Firm will work with architect David Adjaye on the project
WSP has been added to the team chosen to design the National Holocaust Memorial by the Palace of Westminster, Building has learned.
The engineer will work with architect David Adjaye on the project to be built in Victoria Tower Gardens in Parliament’s shadow.
Adjaye’s team, which beat high profile rivals such as Foster & Partners, Zaha Hadid Architects and Daniel Libeskind to the job last October, already includes Tel Aviv-born designer Ron Arad.
The government has pledged to cover the cost of the new memorial which the UK Holocaust Memorial Foundation has estimated will have a total project value of £50m.
It will be comprised of 23 tall bronze fins, with 22 spaces in between – each representing one of the countries in which Jewish communities were destroyed in the Holocaust. Each gap is also a pathway down into a large hall that serves as the antechamber for the memorial’s learning centre, which will have a “ring” of 100 testimonials around it.

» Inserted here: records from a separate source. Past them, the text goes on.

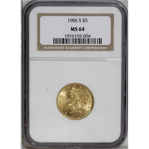 <B>1906-S<$5> MS64 NGC.</B></I> This is an impressive example with few peers and even fewer pieces that carry a higher grade. Faint traces of pinkish toning are evident over highly lustrous yellow-gold surfaces. Census: 19 in 64, 12 finer (8/06).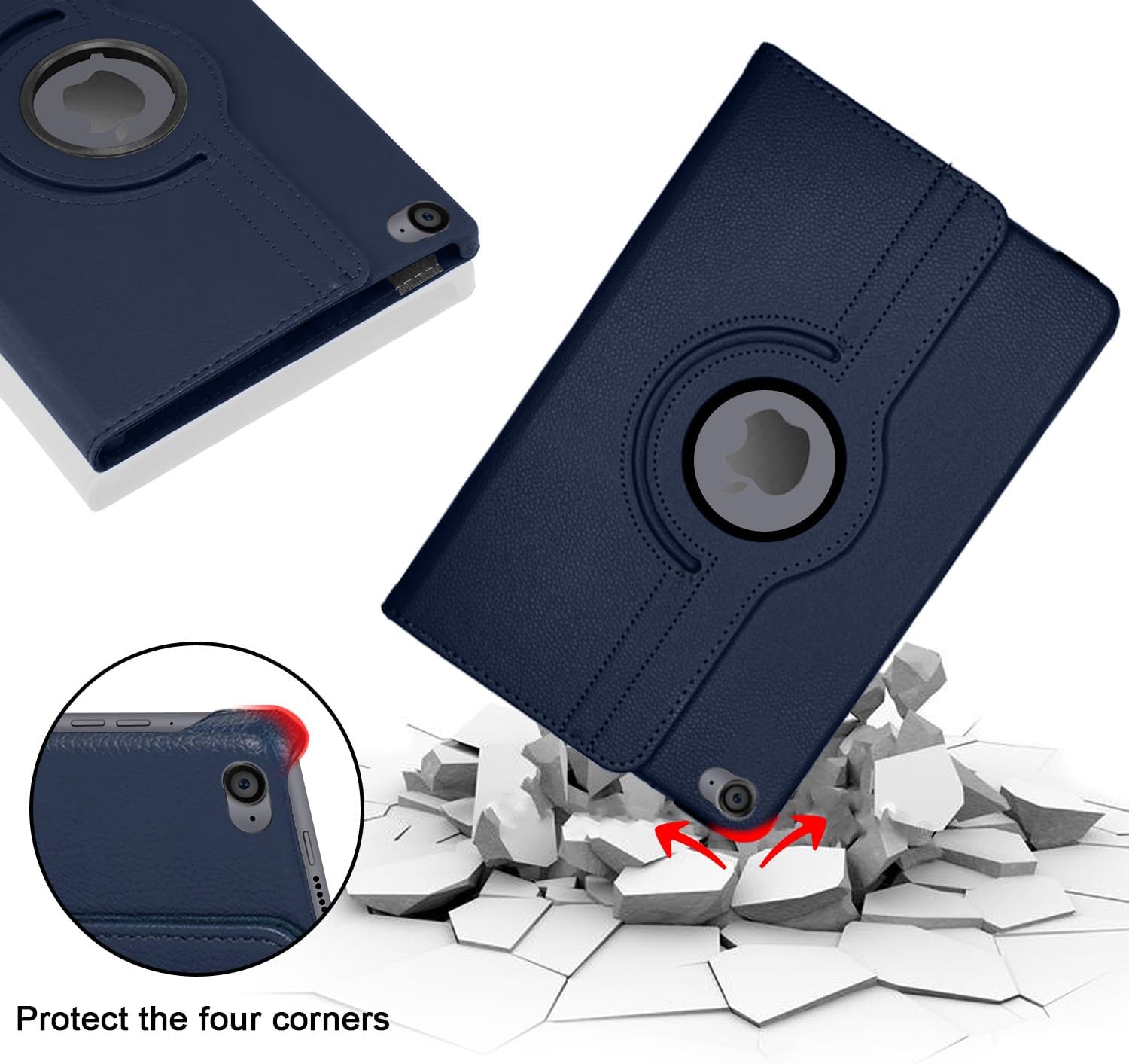 Etui iPad Air rotatif à 360 degrés, avec rainures intérieurs de la couverture, cela permet plusieurs angles de fixation pour voir un film ou chat vidéo, confortable de taper, e-mailen etc.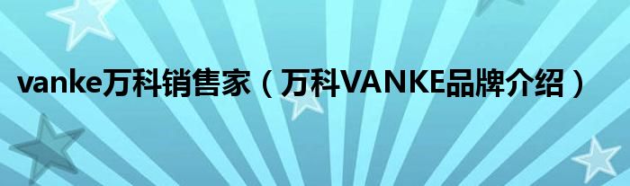 大家好,小源来为大家解答以上问题。vanke万科销售家,万科VANKE品牌介绍很多人还不知道,现在让我们一起来看看吧!

The project’s landscape architect Neil Porter has said that the raised design of the memorial would “shield” the gardens from the traffic noise of Lambeth Bridge, and create a “balcony view” back to parliament.
WSP is also working on the revamp of Buckingham Palace and several of London’s new crop of tall towers such as Lipton Rogers’ 22 Bishopsgate and Chinese developer Greenland’s 67-storey Docklands skyscraper called the Spire.